Explanation of SCT

What is Systems-Centered Training (SCT)?

With SCT, you learn to understand and influence human dynamics. SCT indicates that each person is made up of character traits that are formed and activated in relation to the environment. Learning to see human beings in context is helpful in developing effective and enjoyable relationships. Systems-Centered Training provides practical methods for development focused on both the person and the relationship or group to which the person belongs.

Systems-Centered Training is useful when working in organizations at all levels; the employee, the team, the department and the organization as a whole. Systems-Centered Training is also applied in coaching individuals, couples, families and groups.

How does SCT work?

To discover how you yourself can contribute to system development, it is helpful to get to know your own reactions in the different phases of system dynamics.

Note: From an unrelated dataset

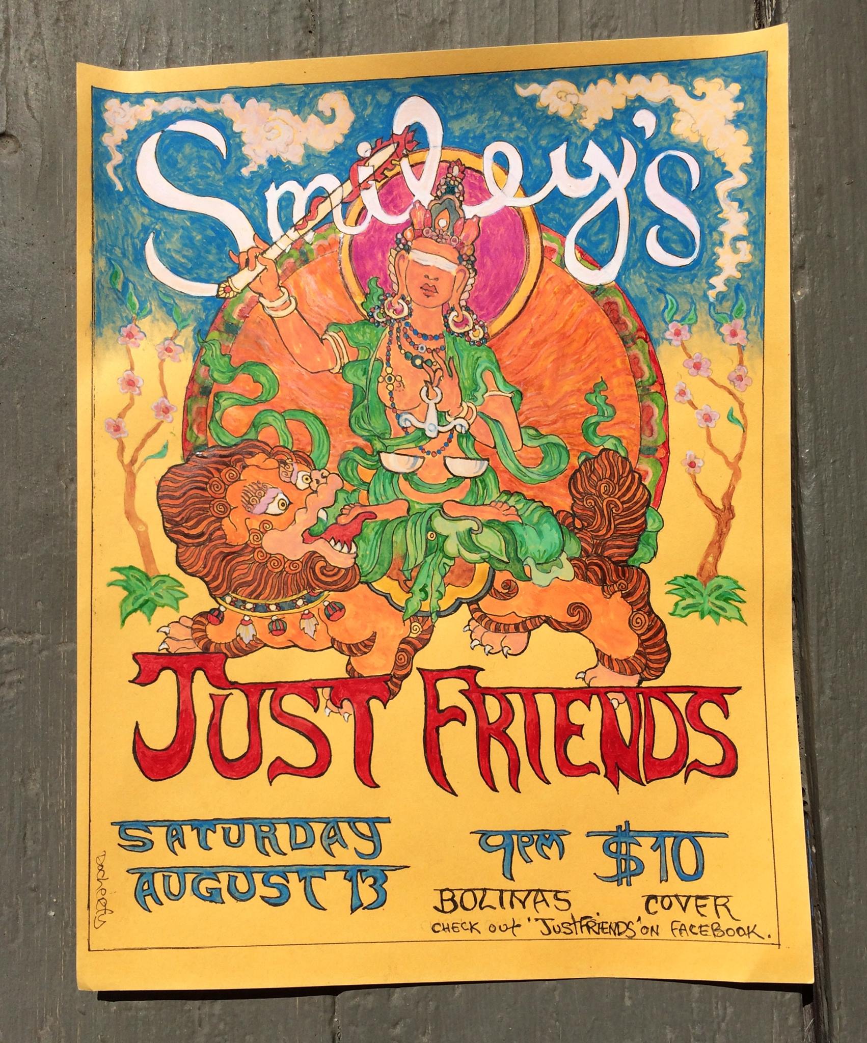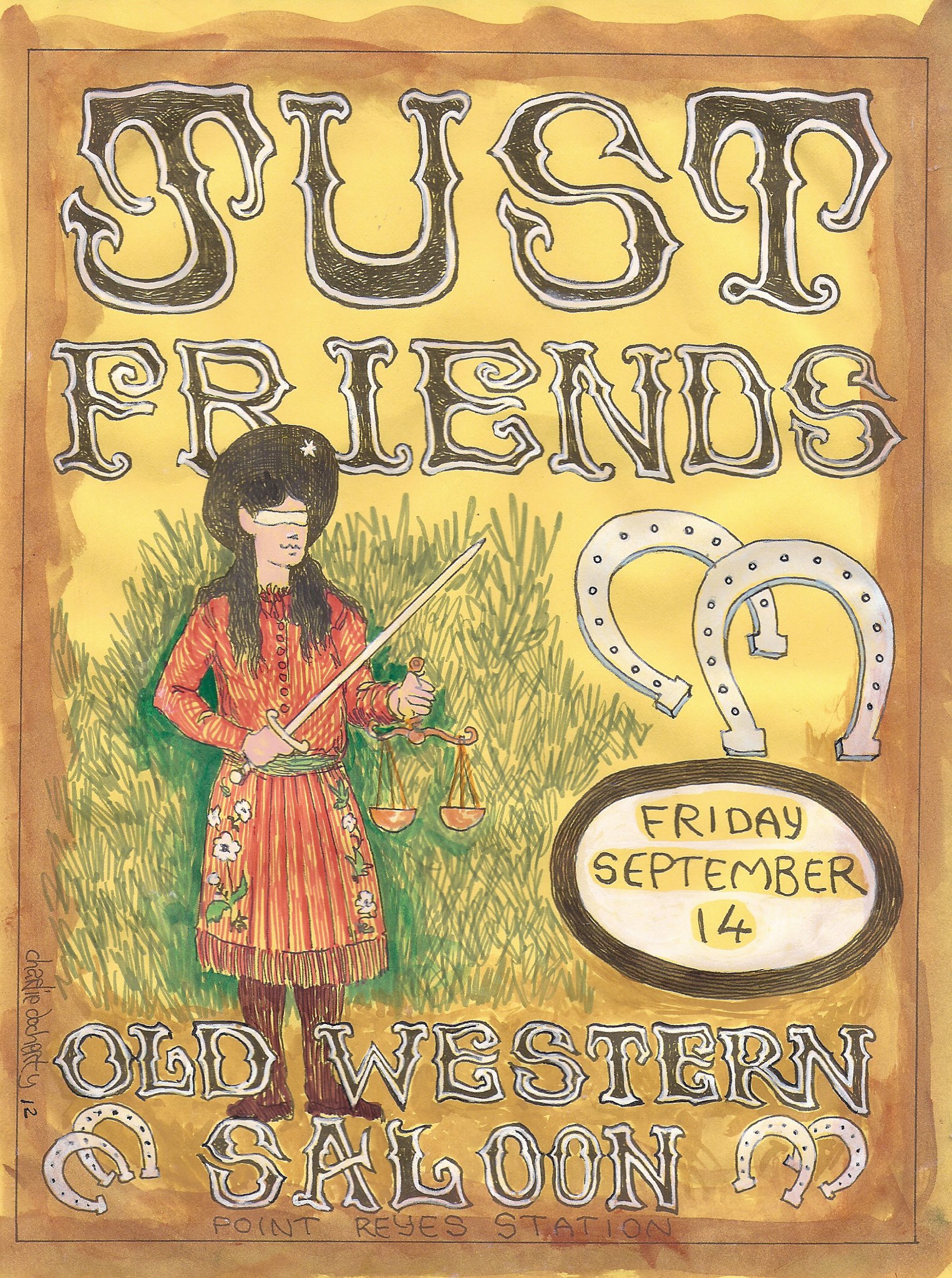 We are still mourning the loss of our beloved Charlie. One of his favorite things in life was playing music for the people of Bolinas. He was also very proud of the hand painted Just Friends posters he made over the years. Please take a stroll down memory lane and share your photos or videos. Gone but always with us.

Participants in Systems-Centered Training learn to align their contributions with the group. This requires a shift from "what is important to me" to "what is important to us.

The training is experiential; exploring one's own experience in the now is central. In doing so, participants learn the distinction between understanding intellectually and grasping emotionally. This contributes to the development of emotional intelligence of participants and group. Personal development and group development go hand in hand.

Frustration is a natural and normal part of relationships and cooperation. SCT offers a unique way in dealing with frustration with the goal of learning to use it functionally in relationships. This is fundamentally different from venting frustration, which is what we usually do.

The SCT core method: functional subgroups

'Functional subgroups' is the core method within SCT and focuses on developing connecting communication by connecting and building on each other. Participants in Systems-Centered Training always work in "subgroups. There are multiple subgroups within the group. Each subgroup explores and articulates one side of the issue while the other subgroups listen. Participants choose to participate in the subgroup that most closely matches their own perspective.
This is substantially different from our everyday interactions in which we easily get caught up in disagreements and contradictions, causing communication to become rigid and the conversation to become bogged down.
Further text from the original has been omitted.